Having it simplified down to that
little one-page format made it very easy to communicate.
When I could show them that we could actually continue
to make a good return on equity or on assets by working
our balance sheet - that's
a mind shift!
Until those guys (operations) understood
that cash flow was as important or more important than
profit, they were not going to change their behavior.
Cash flow became part of our language.
Most operating people only are tuned in to profit - either revenue or profit. Now having that third angle
of cash flow relates to balance sheet management. So we've got an
active team proactively looking at a balanced three bottom line approach."
"The
future of the CPA is to become more than a mere auditor, he (she)
is to become a key player in the team - and can become
that partner with the business by using this tool."
Steve Osborne, MBA, CPBA President,
Mentor Plus
Steve Osborne's Story
"Hello, this is Steve Osborne, we have been using Financial Scoreboard with a
specific application, and that has been Certified Public Accountant
(CPA) firms using it with their clients as a precursor to talking about performance
measurement in general.
And the basic message is that here's
a way of looking at your financial statements in a different
format, looking at more than just the one bottom line,
and broadening their perspective about what use their financial
statements are to them.
Having them understand that they
should probably be looking at more numbers in their organization
[these are CPAs talking to their clients]. They should
be looking at more than just net profit, and they should
be looking at more than just financial numbers even though
The [Financial] Scoreboard is pretty much oriented around
financial numbers only.
It's a bridge if you will between
what they are doing now and where we were teaching them
where to go. So that is the specific application.

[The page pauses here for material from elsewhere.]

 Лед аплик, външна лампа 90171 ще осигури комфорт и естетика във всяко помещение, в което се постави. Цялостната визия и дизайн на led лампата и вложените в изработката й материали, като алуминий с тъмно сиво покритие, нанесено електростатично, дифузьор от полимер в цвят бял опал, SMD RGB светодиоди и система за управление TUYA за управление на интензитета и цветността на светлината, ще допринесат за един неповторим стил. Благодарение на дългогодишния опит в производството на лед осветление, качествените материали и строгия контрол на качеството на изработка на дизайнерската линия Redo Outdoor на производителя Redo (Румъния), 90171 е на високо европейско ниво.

Where Chuck [Kremer] and I first
started this process was from a financial literacy perspective.
And as you know there has been a lot of controversy regarding
financial reporting - financial literacy is becoming quite a topic
now.
[As a result of corporate scandals],
it's a good talking piece for CPA's today. Probably 9 times
out of 10, when the CPA presents the financial statement
to a small business owner, the small business owner doesn't
know what the heck the CPA is talking about unless the
CPA is a really good communicator.
And even then the business owner
doesn't understand how the financial statements may all
fit together. They may understand what their margins are,
or what their return on investment is, or their inventory
turns or their receivable turns - those
kinds of things.
They may understand those individual
things, but how the whole thing fits together in the Financial
Scoreboard does a really nice job of presenting it on one
page and linking all the three financial statements together.

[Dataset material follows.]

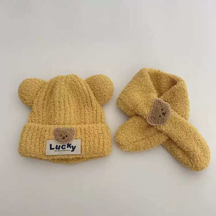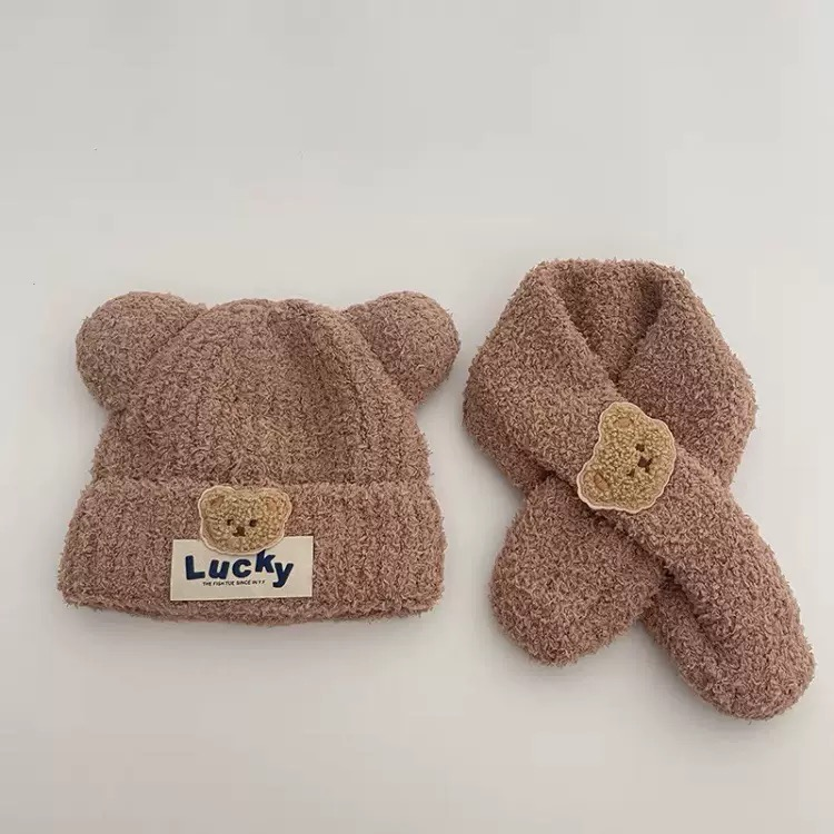 15分鐘前嬰兒帽子秋冬季可愛小熊寶寶毛絨護耳帽圍巾套裝保暖男女童套頭帽 - 商家推薦95%客戶選擇2入組NT$1199

So that's basically where it fits
in with what we do, and we've used it in the past as part
of our toolkit in a three day training that we give on
performance measurement. It's a part of an integrated system,
part of a toolkit that we have other components to, and
it's just one piece of that.
We have a whole system that's
an integrated system for an accounting firm to provide
their clients with performance management and measurement
services."
"There
is no way that a business person can manage cashflow
if they don't understand how the balance sheet, the income
statement AND the cash flow statement all fit together
as part of the puzzle."
Chuck Kremer - Creator of Financial Scoreboard™
and
co-author of Managing By The Numbers
Chuck Kremer's Story
"So many business people tell me repeatedly that of the three financial statements,
the income statement is the only one that they get any value from,
and yet they're
challenged with having to manage profit and cashflow. The income
statement will frequently lead you in the wrong direction in terms of cashflow.
Many companies have grown broke thinking all they had to do was grow sales
and grow profit and that would automatically take care of cashflow, when in
fact that may have been what was destroying cash flow.
You cannot get from the income
statement to the cash flow statement without understanding
and managing the balance sheet. Those people who are
trying to use their standalone financial statement information
and think they understand the income statement are just
totally intimidated and lost with the balance sheet and
the cash flow statement standalone. They are like shooting
the Grand Canyon rapids with one eye bandaged. They may
be able to pull it off, especially at certain times of
year when the water is not too bad. But when they get into
the real turbulent stuff with a handicap like one eye shut, they're
really challenging the rapids!"
"She is just exuberant over Financial Scoreboard thinking
and the Financial Scoreboard™ software
as a tool that she is using for historical analysis
and forecasting. Her company was a thriving company that
is now trying to survive some difficult management transitions."
Chuck Kremer - Creator of Financial Scoreboard™
and
co-author of Managing By The Numbers
Listen to another of Chuck's success
stories "In terms of cashflow analysis and cash flow management around Financial Scoreboard™ software
is a client that came to me as a result of work I am doing with The
Executive Committee (This is an organization extremely strong in the US, though
active worldwide). They sign up memberships with CEOs of small and mid-sized
companies, and help these CEOs continuously improve their companies in numerous
ways.
One of those CEOs asked Chuck for
special help. She was able to create an income-statement
budget for her company for the year 2003. It was a monthly
budget and she did a good job with that part of the process.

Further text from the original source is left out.